A corridor of conciliation


Khaled Ahmed

On 9 November 2019, Prime Minister Imran Khan got together with thousands of Sikh pilgrims to inaugurate the Kartarpur Corridor on the bank of river Ravi in Punjab in Pakistan.

Prime Minister of India Narendra Modi thanked Pakistan for opening up the route to the last resting place of the great Sikh founder-guru Nanak Dev in accordance with an agreement reached between the former Pakistan Prime Minister Nawaz Sharif and former Indian statesman-PM Atal Behari Vajpayee in 1999.

The Sikh yatrees were visibly touched as they heard PM Khan speak of the “opening up borders for free movement and trade with India” while ex-cricketer-politician Navjot Singh Siddhu regaled then with his hortatory verse.

Things looked good till the Indian media “revealed” the presence of a group of “Khalistani” agents at Kartarpur. That meant that the Corridor was actually a conspiracy to undermine India’s integrity by luring the Sikhs away and creating a breakaway state in India. References to the past were helpful when Pakistan actually did that; but some Indian opinion writers watered down the alarmism with words of hope.

Shekhar Gupta in The Print wrote: “Imran Khan’s fantasy to revive Khalistan isn’t happening because Sikhs aren’t gullible” and arrived at the following comment: “…it is time to forget subversive fears. India isn’t made of porcelain. One of the holiest shrines for Indian Sikhs and so many non-Sikh Indians is open now. It’s a moment of collective joy for us to cherish. Switch off those TV discussions on the ‘return of Khalistan’. It isn’t happening. Don’t paint the devil on the wall.”

On the Pakistani side the hounded opposition suddenly thought of the “betrayal” of “Kartarpur” after Modi “annexed” the Indian-administered Kashmir. But the people at large didn’t bite and were happy to receive more pilgrims. Imran Khan covered his head as he paid tributes to Guru Nanak Dev. Some realized that he was himself “connected” because of his devotion to Baba Farid of Pakpattan whose great Punjabi verse is actually found in Granth Sahib. (His wife belongs to the family of custodians of the tomb of Baba Farid.)

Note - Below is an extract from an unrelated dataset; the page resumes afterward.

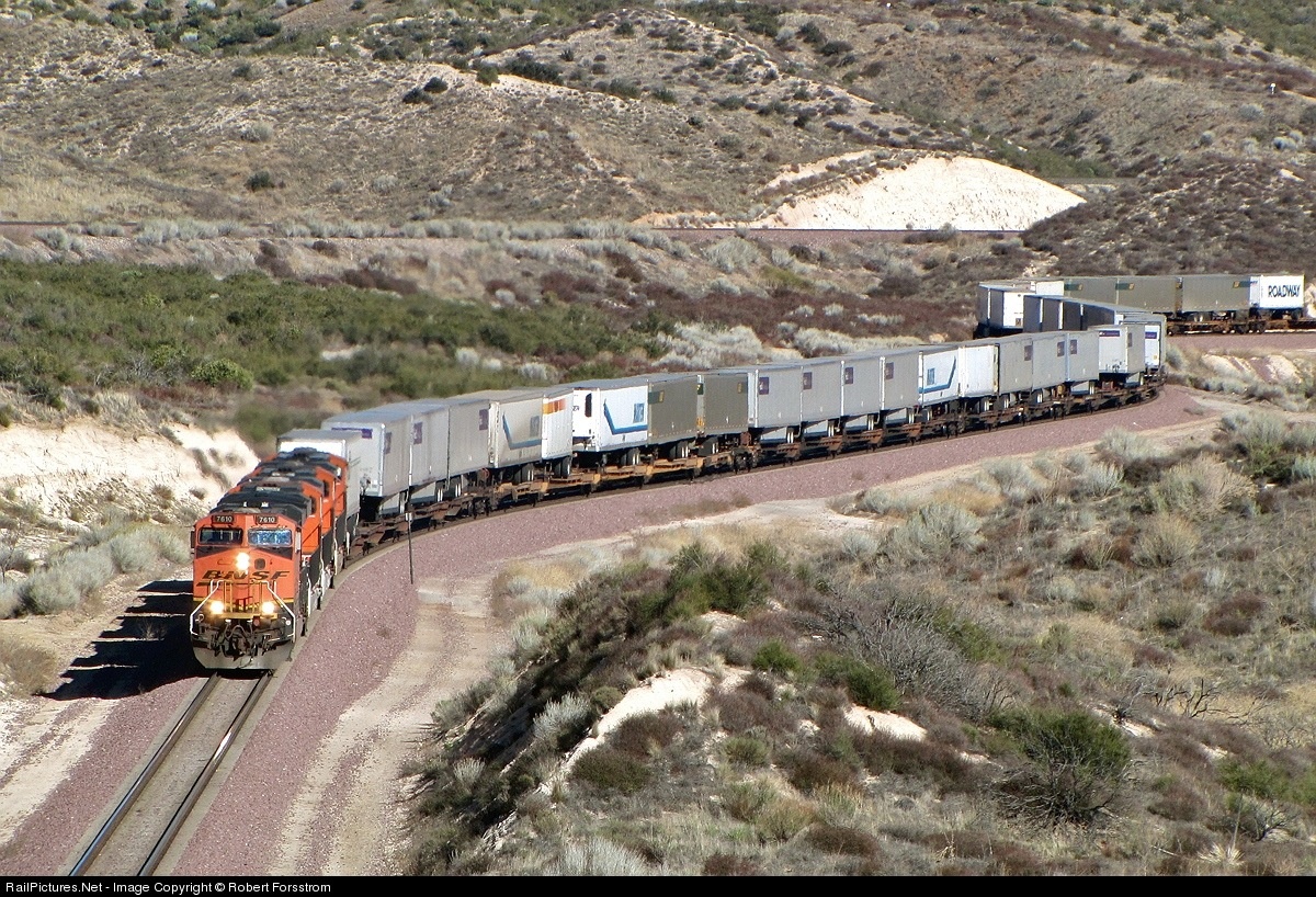| Things aren't all as they seem in this photo. A "repo-train" full of empty trailers being transferred from Phoenix, AZ to San Bernardino, CA is easing down the steep 3.0% grade of Main 3 (the old route) on BNSF's Cajon Sub in Southern California. |

The “largest gurudwara in the world” was thought of by Imran Khan and the chief of the Pakistan Army General Qamar Javed Bajwa. The impressive gurudwara came about in ten months because the army took charge of it and built it in record time. If the army is behind the project is it therefore a conspiracy to alienate the Sikhs of Indian Punjab from India?

Or is General Bajwa interested in “cooling the eastern front” because his challenge from the “western front” is too big for the Pakistan Army to handle? India kills Pakistani troops on a permanent basis on the Line of Control (LoC) but the new development is that Afghanistan too kills Pakistani troops across the wire-fence Pakistan has erected on the challenged Durand Line.

The odds on the western front are enormous: the hostile elements include the Taliban (Afghan and Pakistani) backed by Al Qaeda which is fully entrenched in Afghanistan, and the Islamic State whose appeal for the Pakhtun youth is increasing; to say nothing of the ordinary Afghan who hates Pakistan for having sheltered these groups in the past.

Pakistan has tried diplomacy against the removal by India of Article 370 from the Constitution to change the status of Indian-administered Kashmir prior to sending in troops to suppress the Muslims of the Valley. The world has reacted negatively to the abuse of human rights in Kashmir but Pakistan has failed to get the world, including the Islamic World, to condemn the “annexation” of Kashmir by India.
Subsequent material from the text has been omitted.